Comment 3 David Woodhouse 2005-09-16 18:06:53 UTC
It's only f_ep_lock which is getting scribbled on, and it's very repeatable. The
 owner_cpu field is almost always set to 0x901, and occasionally 0x501. 
f_ep_links is always fine (usually an empty list), and f_mapping is also fine. 

Slab debugging doesn't show anything interesting, but does make the problem seem
to occur slightly less frequently. Here's samples of what we find in f_ep_lock. 

lock 20282484, owner_pc 0, owner_cpu 901
lock 24042884, owner_pc 0, owner_cpu 901
lock 28022484, owner_pc 0, owner_cpu 901
lock 24042084, owner_pc 0, owner_cpu 901
lock 20000484, owner_pc 0, owner_cpu 901
lock 28000484, owner_pc 0, owner_cpu 901
lock 24042084, owner_pc 0, owner_cpu 901
lock 24002484, owner_pc 0, owner_cpu 901
lock 28000484, owner_pc 0, owner_cpu 901
lock 24044284, owner_pc 0, owner_cpu 901
lock 24042284, owner_pc 0, owner_cpu 901
lock 22000424, owner_pc 0, owner_cpu 901
lock 28022484, owner_pc 0, owner_cpu 901
lock 28022484, owner_pc 0, owner_cpu 901
lock 28000484, owner_pc 0, owner_cpu 901
lock 24002484, owner_pc 0, owner_cpu 901
lock 24000424, owner_pc 0, owner_cpu 901
lock 28000484, owner_pc 0, owner_cpu 901
lock 24022484, owner_pc 0, owner_cpu 901
lock 20000484, owner_pc 0, owner_cpu 901
lock 24022484, owner_pc 0, owner_cpu 901
lock 28000484, owner_pc 0, owner_cpu 901
lock 24022484, owner_pc 0, owner_cpu 901
lock 28000484, owner_pc 0, owner_cpu 901
lock 28000484, owner_pc 0, owner_cpu 901
lock 24022484, owner_pc 0, owner_cpu 901
lock 28022284, owner_pc 0, owner_cpu 901
lock 28022484, owner_pc 0, owner_cpu 901
lock 24000484, owner_pc 0, owner_cpu 901
lock 28022484, owner_pc 0, owner_cpu 901
lock 28000484, owner_pc 0, owner_cpu 901
lock 24022484, owner_pc 0, owner_cpu 901
lock 22042484, owner_pc 0, owner_cpu 901
lock 28202484, owner_pc 0, owner_cpu 501


Comment 4 Dave Jones 2005-09-28 09:49:41 UTC
ISTR you talking about this on irc a week or so ago. did you arrive at any
conclusion ?


Comment 5 David Woodhouse 2005-09-28 10:02:06 UTC
Not yet.
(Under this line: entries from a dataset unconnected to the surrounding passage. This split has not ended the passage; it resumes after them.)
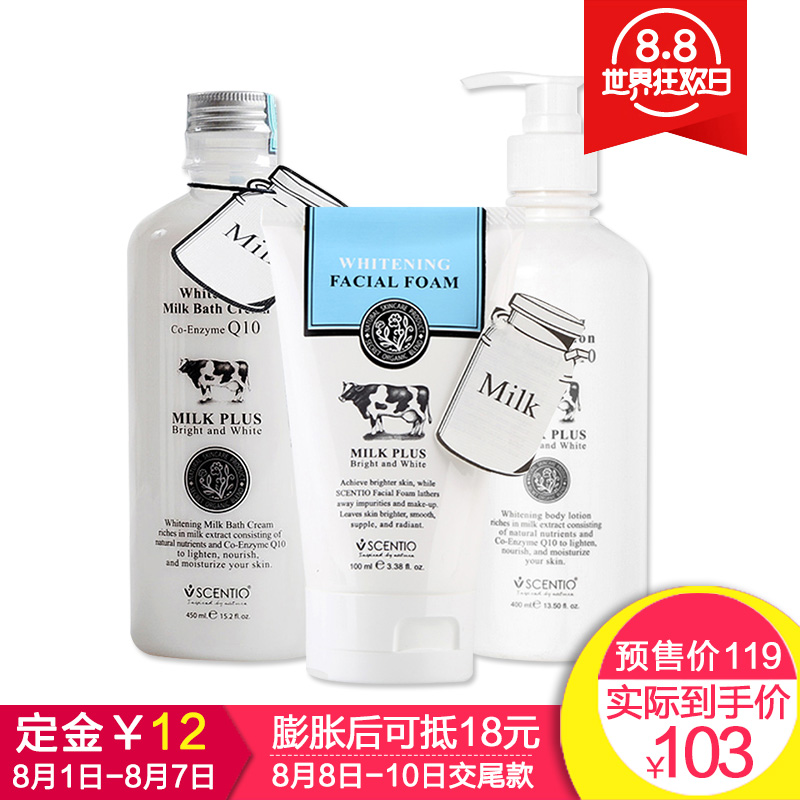 功效:美白 补水 保湿 抗皱 提亮肤色 规格类型:正常规格 品牌:SCENTIO 品名:Beauty Buffet Q10牛奶套装 产地:泰国 查看全文
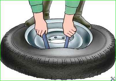 - – разборку и сборку шин в пути производите с применением специальных лопаток, имеющихся в комплекте водительского инструмента; в гаражных условиях
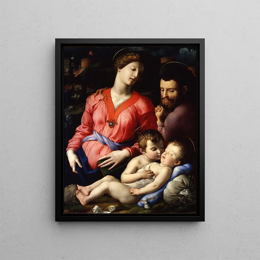 Agnolo Bronzino, a central figure of the Florentine Renaissance, skillfully combined tradition and innovation throughout his career. A pupil of Pontormo, he developed a personal style that sets him apart within the Mannerist movement. His mastery of portraits and religious compositions earned him lasting recognition, both in his time and among subsequent generations. Bronzino also played an important role in spreading humanist ideas, incorporating classical references and reflections on human nature into his works. The Art print of La Sainte Famille Panciatichi reflects this duality between the sacred and the profane, while highlighting the familial and protective aspect of Christian faith. His influence endures through the centuries, inspiring artists and art lovers who see him as an undisputed master.
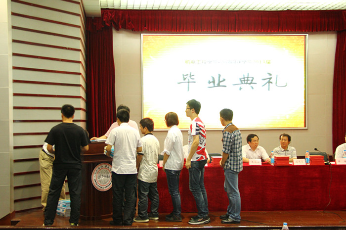 最后是毕业典礼最激动人心的时刻—-颁发毕业证书。这是对毕业生四年学习与工作的认可。伴随着喜庆的音乐,毕业生们上台从领导手中接过那一本本蓝色的毕业证,并与教导了自己几年的老师亲切握手、拥抱,每一张脸上都洋溢着幸福的微笑。离开母校以后的日子,会有更多的艰难险阻,但我们有理由相信,这四年积累的经验,收获的知识,老师的教诲,同窗的鼓励都会让毕业生不畏困难,锐意进取!

Paulus pointed out that it looks a lot like an exception frame, but we
haven't come up with any suggestions about why only three words of it would be
turning up at a consistent offset within various instances of 'struct file'.

I haven't yet tried the rawhide kernel. There's been a lot of change there. 

Comment 6 Dave Jones 2005-09-30 06:23:20 UTC
Mass update to all FC4 bugs:

An update has been released (2.6.13-1.1526_FC4) which rebases to a new upstream
kernel (2.6.13.2). As there were ~3500 changes upstream between this and the
previous kernel, it's possible your bug has been fixed already.

Please retest with this update, and update this bug if necessary.

Thanks.


Comment 7 David Woodhouse 2005-10-19 12:52:45 UTC
It still happens with 2.6.13-1.1526_FC4, although it's a lot harder to reproduce
and diagnose because of other changes.

Oct 19 12:33:22 peach kernel: _spin_lock(c03d1474) CPU#0 NIP c02d0a80 holder:
cpu 0 pc C02D0A80



Comment 8 Dave Jones 2005-11-10 19:22:55 UTC
2.6.14-1.1637_FC4 has been released as an update for FC4.
Please retest with this update, as a large amount of code has been changed in
this release, which may have fixed your problem.

Thank you.


Comment 9 Dave Jones 2005-12-13 02:38:43 UTC
If this is still happening, it's probably something thats worth reporting in
upstream bugzilla for tracking.


Comment 10 Dave Jones 2006-02-03 05:28:00 UTC
This is a mass-update to all currently open kernel bugs.

A new kernel update has been released (Version: 2.6.15-1.1830_FC4)
based upon a new upstream kernel release.

Please retest against this new kernel, as a large number of patches
go into each upstream release, possibly including changes that
may address this problem.

This bug has been placed in NEEDINFO_REPORTER state.
Due to the large volume of inactive bugs in bugzilla, if this bug is
still in this state in two weeks time, it will be closed.

Should this bug still be relevant after this period, the reporter
can reopen the bug at any time. Any other users on the Cc: list
of this bug can request that the bug be reopened by adding a
comment to the bug.

If this bug is a problem preventing you from installing the
release this version is filed against, please see bug 169613.

Thank you.


Comment 11 Dave Jones 2006-03-04 23:37:56 UTC
if this is still happening, file it upstream, where it'll get more attention.